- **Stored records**
--- --- ---

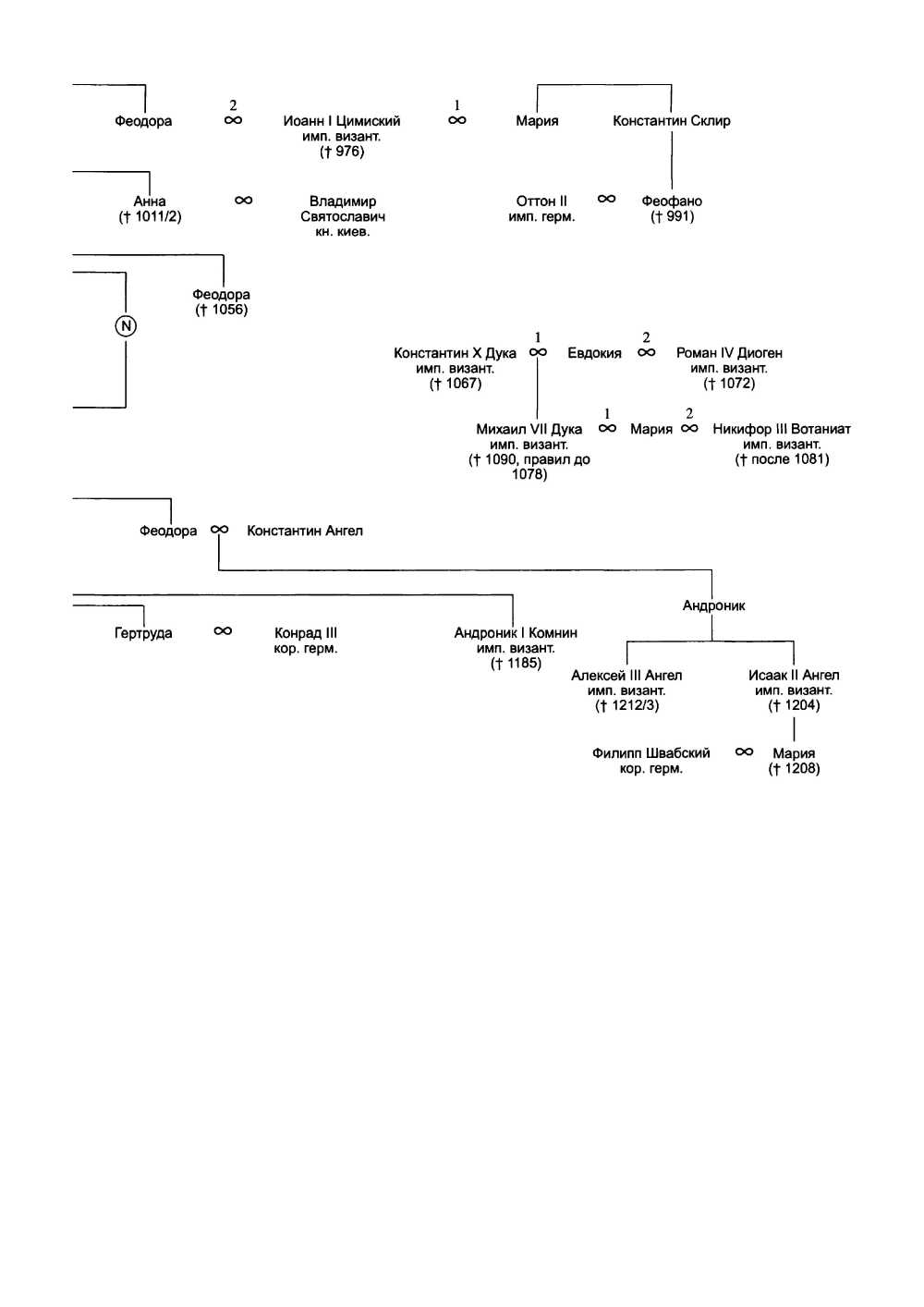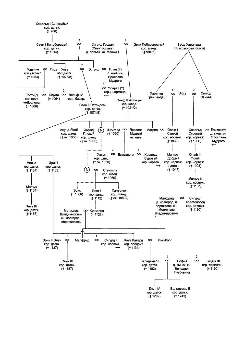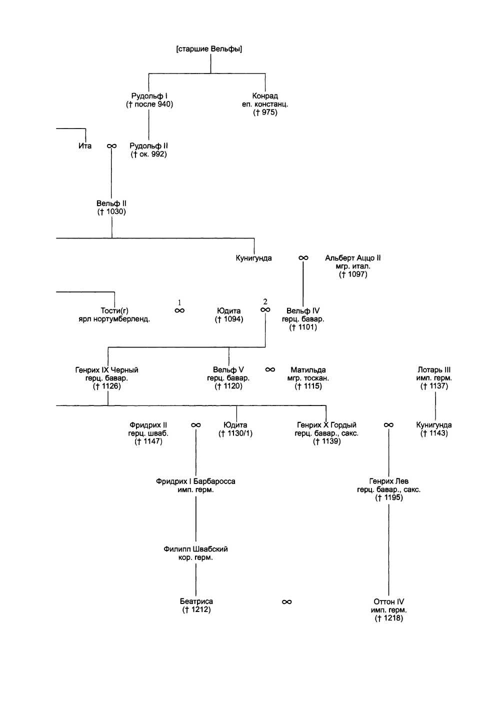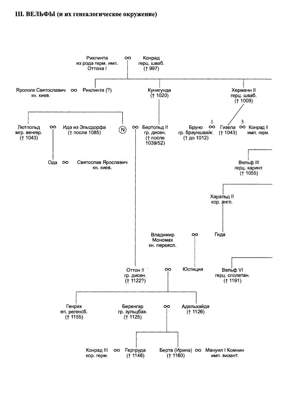 Легенды при именах — предельно лаконичны. Из хронологических указаний приводится только дата смерти; следует помнить, что она не всегда совпадает с датой окончания правления (если речь идет о короле, [374] князе и т. п.). Дата присутствует только при упоминании имени в главной для него таблице; при повторных упоминаниях (если они есть) в других таблицах она опущена. Например, дата смерти англо-саксонской принцессы Гиды, первой жены Владимира Мономаха, приведена в таблице VII, где представлены англо-саксонские короли in summa; при упоминании же Гиды в родословии русских князей (таблица IXb) этой детали нет. И наоборот: дата кончины Владимира Мономаха есть в таблице IXb, но ее нет в таблице VII, хотя имя Мономаха названо и там. Больше подробностей читатель найдет в указателе личных имен.
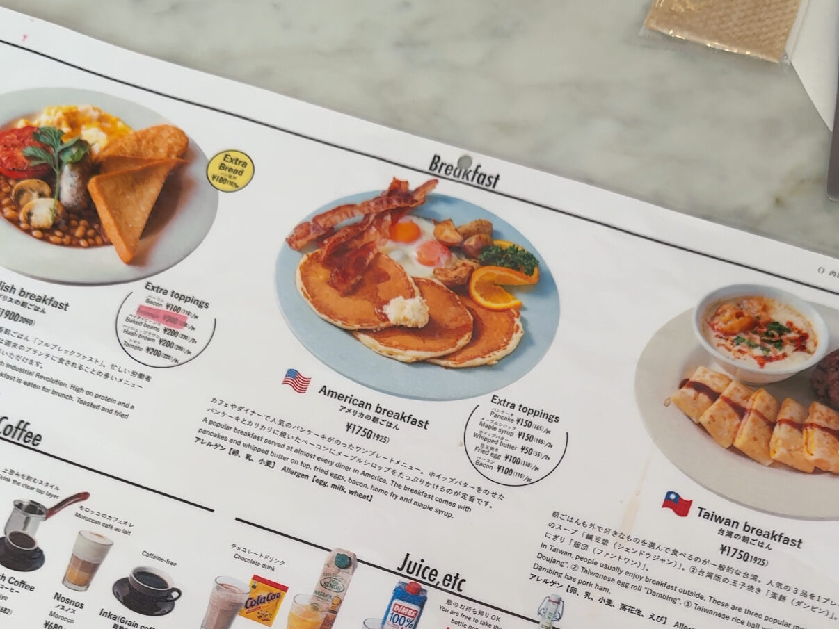 ここでは、イギリス・アメリカ・台湾の定番メニューに加えて、2ヶ月ごとに変わる“期間限定の世界の朝食”が楽しめるみたい🍽️
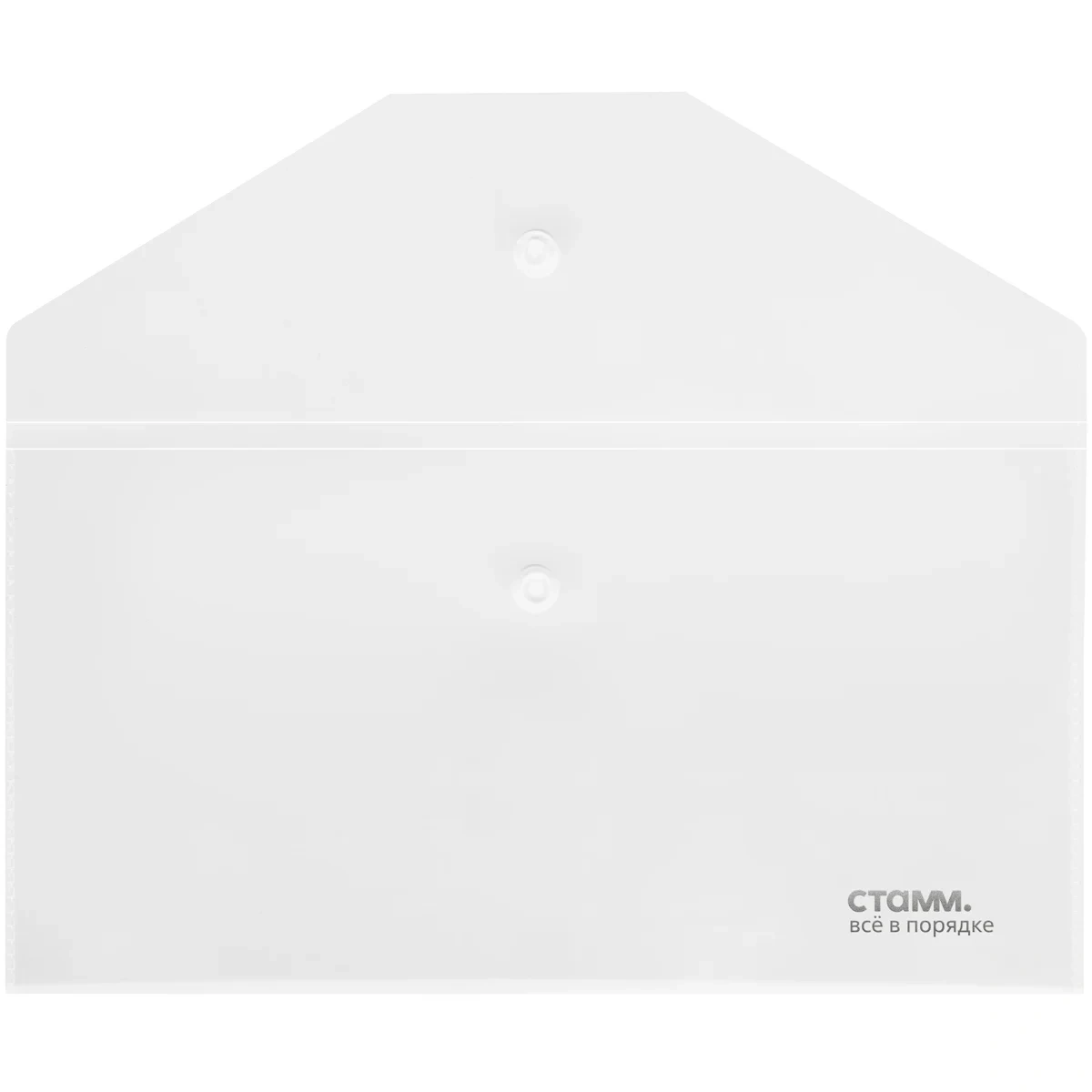 Папка–конверт на кнопке «СТАММ» формата С6 предназначена для хранения и транспортировки бумаг. Размер изделия составляет 223*120 мм, ориентация — горизонтальная. Папка изготовлена из качественного полипропилена толщиной 180 мкм. Вместимость — до 100 листов.
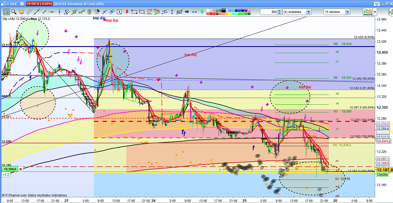 Alcanzado el objetivo en 12180, zona de conflicto y posible zona de rebote. Durante el dia de hoy, habia dos objetivos por la parte de arriba la zona entre 12290 a 12330, (se ha quedado a 5 puntos en 12285), como rebote y posteriormente, ya decíamos que habia muchas probabilidades de ir a buscar los 12180, (cosa que ha hecho casi a las 21 horas). Ahora hay que dejar la evolución de la sesión asiática. para ver donde acaba la cotización dax, y poder proyectar los siguientes movimientos.
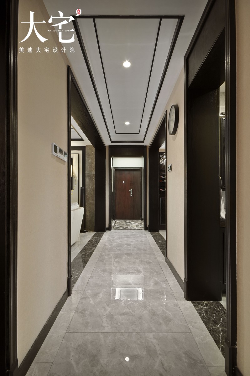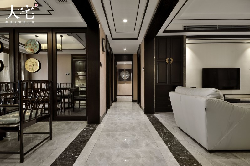 ▲一入戶門,入目的便是一對掛畫,似看是圓卻非圓;與傳統(tǒng)中式玄關(guān)不同的是,現(xiàn)代背景演繹下的新中式不再鐘情于繁瑣與沉悶,而是將傳統(tǒng)元素和現(xiàn)代元素相互融合,相得益彰,勾畫出打破傳統(tǒng)卻又不顯突兀的美感。
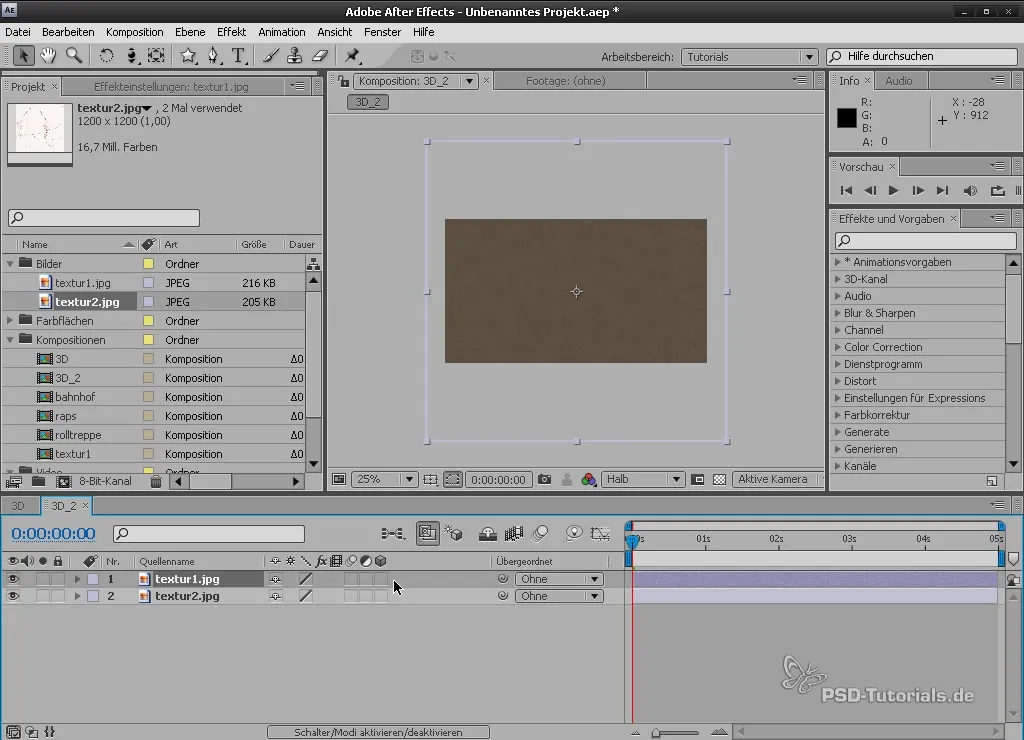 Импортируйте текстуры, которые вы хотите использовать в композиции. Активируйте также здесь 3D-куб для каждой текстуры, чтобы расположить их в пространстве. Вы можете перемещать текстовые слои на разные высоты, чтобы они появлялись на разных уровнях.
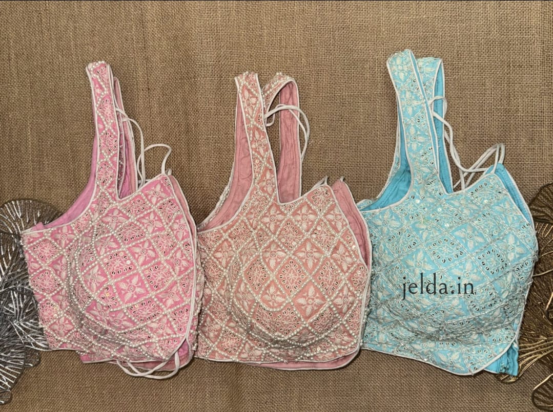 Elevate your ethnic look with these beautifully hand-embroidered Chikankari blouses, designed in soft pastel tones and accented with delicate mirror work. Perfect for festive occasions, mehendi functions, haldi ceremonies, or daytime weddings.
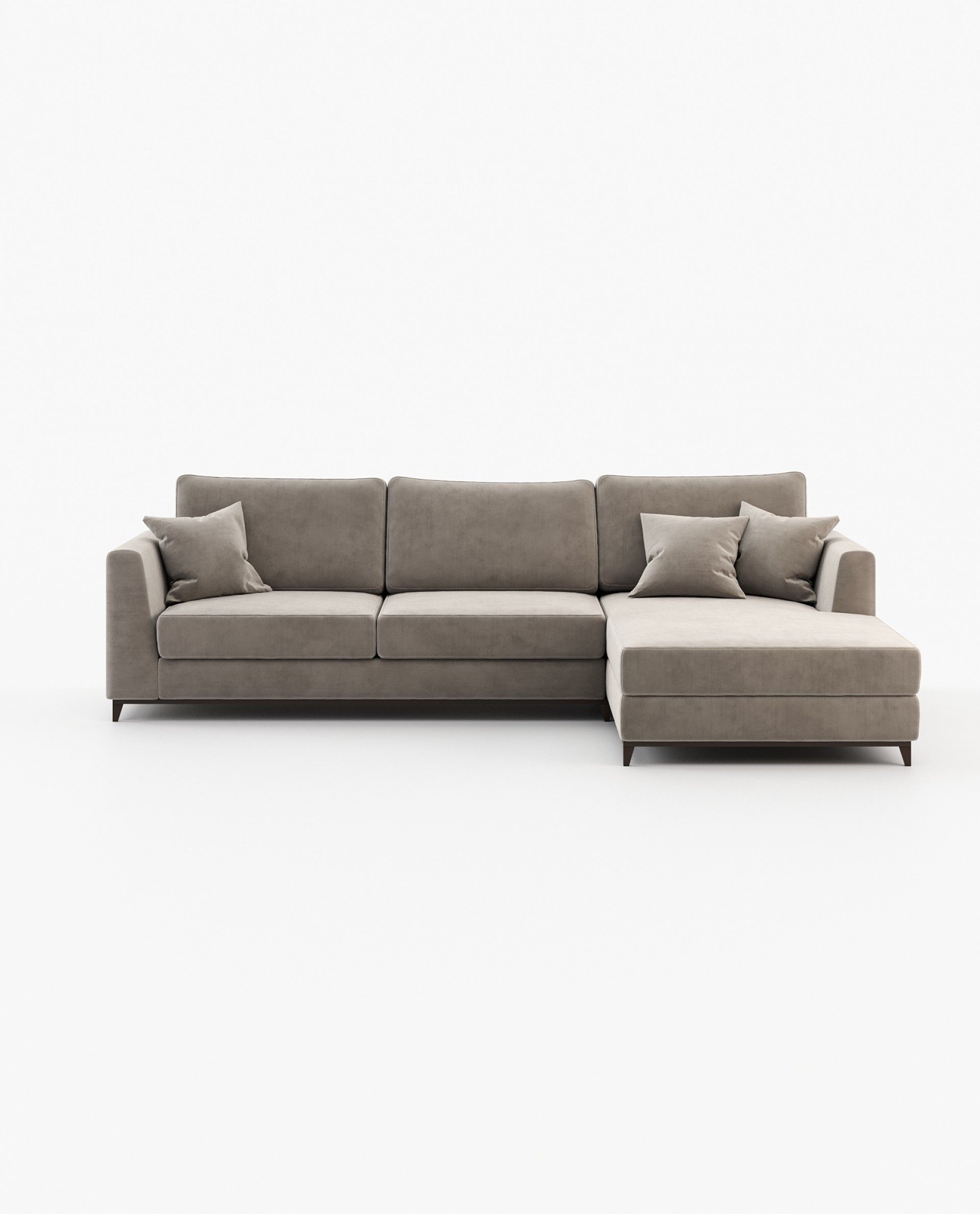 Модель сочетает чистые линии обивки и универсальный дизайн, подходящий для различных стилей. Оснащён удобными сиденьями с повышенным комфортом, а возможность трансформации в шезлонг добавляет функциональности. Доступен в нескольких размерах для оптимального размещения в пространстве.
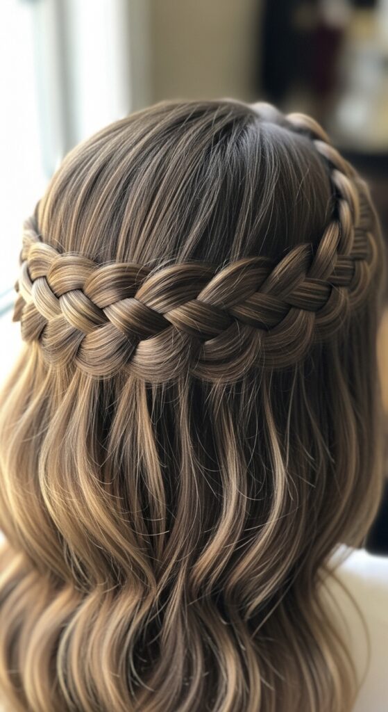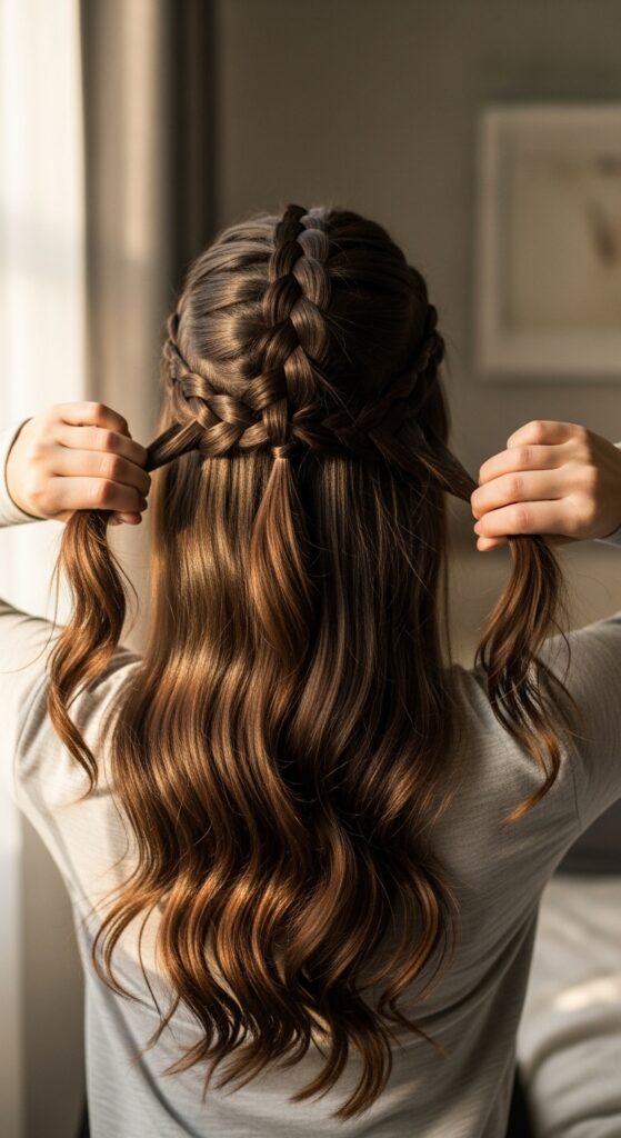 Braid only the top half of your hair from the crown, then let the rest hang loose. It’s the perfect middle ground between “I tried” and “I didn’t care.”

--- --- ---

- **PROBLEM STATEMENT**
Please give the data again unaltered, leaving out any images.

- **EXPECTED OUTPUT**
 Легенды при именах — предельно лаконичны. Из хронологических указаний приводится только дата смерти; следует помнить, что она не всегда совпадает с датой окончания правления (если речь идет о короле, [374] князе и т. п.). Дата присутствует только при упоминании имени в главной для него таблице; при повторных упоминаниях (если они есть) в других таблицах она опущена. Например, дата смерти англо-саксонской принцессы Гиды, первой жены Владимира Мономаха, приведена в таблице VII, где представлены англо-саксонские короли in summa; при упоминании же Гиды в родословии русских князей (таблица IXb) этой детали нет. И наоборот: дата кончины Владимира Мономаха есть в таблице IXb, но ее нет в таблице VII, хотя имя Мономаха названо и там. Больше подробностей читатель найдет в указателе личных имен.
 ここでは、イギリス・アメリカ・台湾の定番メニューに加えて、2ヶ月ごとに変わる“期間限定の世界の朝食”が楽しめるみたい🍽️
 Папка–конверт на кнопке «СТАММ» формата С6 предназначена для хранения и транспортировки бумаг. Размер изделия составляет 223*120 мм, ориентация — горизонтальная. Папка изготовлена из качественного полипропилена толщиной 180 мкм. Вместимость — до 100 листов.
 Alcanzado el objetivo en 12180, zona de conflicto y posible zona de rebote. Durante el dia de hoy, habia dos objetivos por la parte de arriba la zona entre 12290 a 12330, (se ha quedado a 5 puntos en 12285), como rebote y posteriormente, ya decíamos que habia muchas probabilidades de ir a buscar los 12180, (cosa que ha hecho casi a las 21 horas). Ahora hay que dejar la evolución de la sesión asiática. para ver donde acaba la cotización dax, y poder proyectar los siguientes movimientos.
 ▲一入戶門,入目的便是一對掛畫,似看是圓卻非圓;與傳統(tǒng)中式玄關(guān)不同的是,現(xiàn)代背景演繹下的新中式不再鐘情于繁瑣與沉悶,而是將傳統(tǒng)元素和現(xiàn)代元素相互融合,相得益彰,勾畫出打破傳統(tǒng)卻又不顯突兀的美感。
 Импортируйте текстуры, которые вы хотите использовать в композиции. Активируйте также здесь 3D-куб для каждой текстуры, чтобы расположить их в пространстве. Вы можете перемещать текстовые слои на разные высоты, чтобы они появлялись на разных уровнях.
 Elevate your ethnic look with these beautifully hand-embroidered Chikankari blouses, designed in soft pastel tones and accented with delicate mirror work. Perfect for festive occasions, mehendi functions, haldi ceremonies, or daytime weddings.
 Модель сочетает чистые линии обивки и универсальный дизайн, подходящий для различных стилей. Оснащён удобными сиденьями с повышенным комфортом, а возможность трансформации в шезлонг добавляет функциональности. Доступен в нескольких размерах для оптимального размещения в пространстве.
 Braid only the top half of your hair from the crown, then let the rest hang loose. It’s the perfect middle ground between “I tried” and “I didn’t care.”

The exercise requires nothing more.